++++ PROVIDED DATA ++++

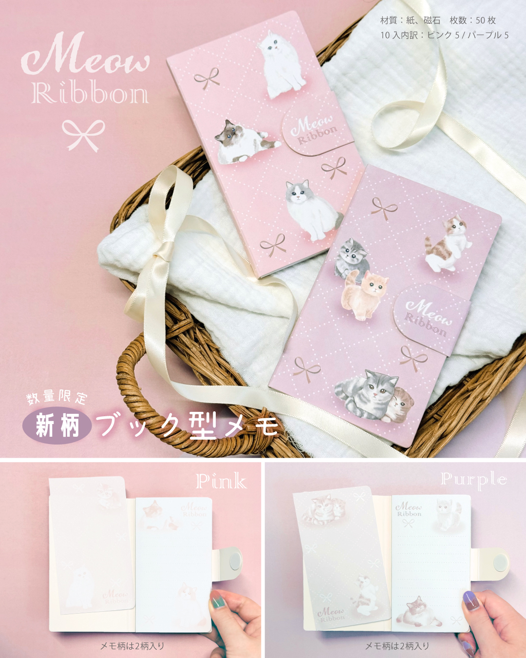 2025/10/27:セリア数量限定▶マグネット留めできるブック型メモに ネコとガーリーなリボンデザインが登場!
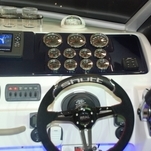 A Real Power trouxe sua lancha de 31,5 pés, com um detalhe que chamou atenção: a lixeira constituída por um tubo que leva tudo o que é descartado a um depósito situado no porão do barco.
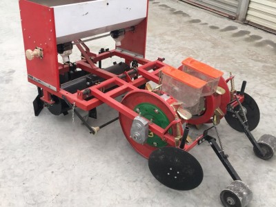 本产品主要是膜上播种玉米、谷子、黍子、花生、谷物类。适合于干旱半干旱地区使用。能够一次性完成前置刮土、整平、开沟、深施颗粒肥、铺膜、压膜、穴播、覆土等工序。本机采用先铺膜后播种工艺,无需人工破膜,避免了先播种后铺膜造成的繁重体力劳动。

++++

Print the listing word for word, but omit the pictures.

→ **RESPONSE**:
 2025/10/27:セリア数量限定▶マグネット留めできるブック型メモに ネコとガーリーなリボンデザインが登場!
 A Real Power trouxe sua lancha de 31,5 pés, com um detalhe que chamou atenção: a lixeira constituída por um tubo que leva tudo o que é descartado a um depósito situado no porão do barco.
 本产品主要是膜上播种玉米、谷子、黍子、花生、谷物类。适合于干旱半干旱地区使用。能够一次性完成前置刮土、整平、开沟、深施颗粒肥、铺膜、压膜、穴播、覆土等工序。本机采用先铺膜后播种工艺,无需人工破膜,避免了先播种后铺膜造成的繁重体力劳动。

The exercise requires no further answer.